Monday, August 27, 2018
CPC and CPCE Put/Call Ratios Daily Chart; Near-Term Top At Hand
Here is an update of the previous CPC and CPCE put/call charts from last week. The low numbers last week indicate complacency in the stock market and a pull back is expected of 40 to 80 SPX handles and perhaps much more. The question is where it would top out in the days forward. The SPX peaked a day later at 2874-ish and then pulled back a couple days to a low at 2855 and then zoomed higher. That 15 or 20 SPX handle pullback was nothing. If you blinked you missed it.
The central bankers, always the positive wild card in the stock market, came out firing both barrels. The Fed pumped stocks higher on Friday from Chairman Powell's dovish speech at Jackson Hole. Powell's dovishness is verified by the Fed Funds futures only indicating a 60% chance of a December rate hike. The September hike, on 9/26/18, is considered a done-deal. Typically, you want to see the rate hike chance over 80%, the higher the better, for it to be cast in stone. The December hike is up in the air verifying the Powell dovishness. Hence, stocks rocket higher. Central banker easy money rules the stock market since March 2009. It has gone on so long that no one pays attention to it anymore.
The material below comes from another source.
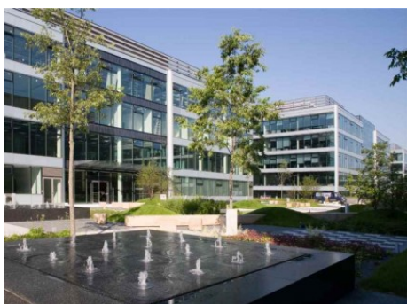
Praha 4 | V Parku

Then, the PBOC, China's central bank, announces counter-cyclical measures to control the yuan. This is a fancy phrase that simply means the PBOC will intervene if the yuan becomes too weak (the dollar/yuan moving towards 7), and if the yuan becomes too strong (the dollar/yuan pair moving towards 6.2-6.3). The idea is to create stability and the news creates more stock market upside. Asia stock indexes rally on the PBOC intervention. The double-whammy central banker games create global stock market joy since Friday. The central bankers are the market.
The stock market rally continues through today and the upside euphoria is verified by new lower-lows in both the CPC and CPCE put/calls. Traders are buying stocks at the ask with both fists. Bulls are throwing confetti, dancing and singing with lamp shades on their heads as the drink Fed and PBOC wine buying stocks with reckless abandon.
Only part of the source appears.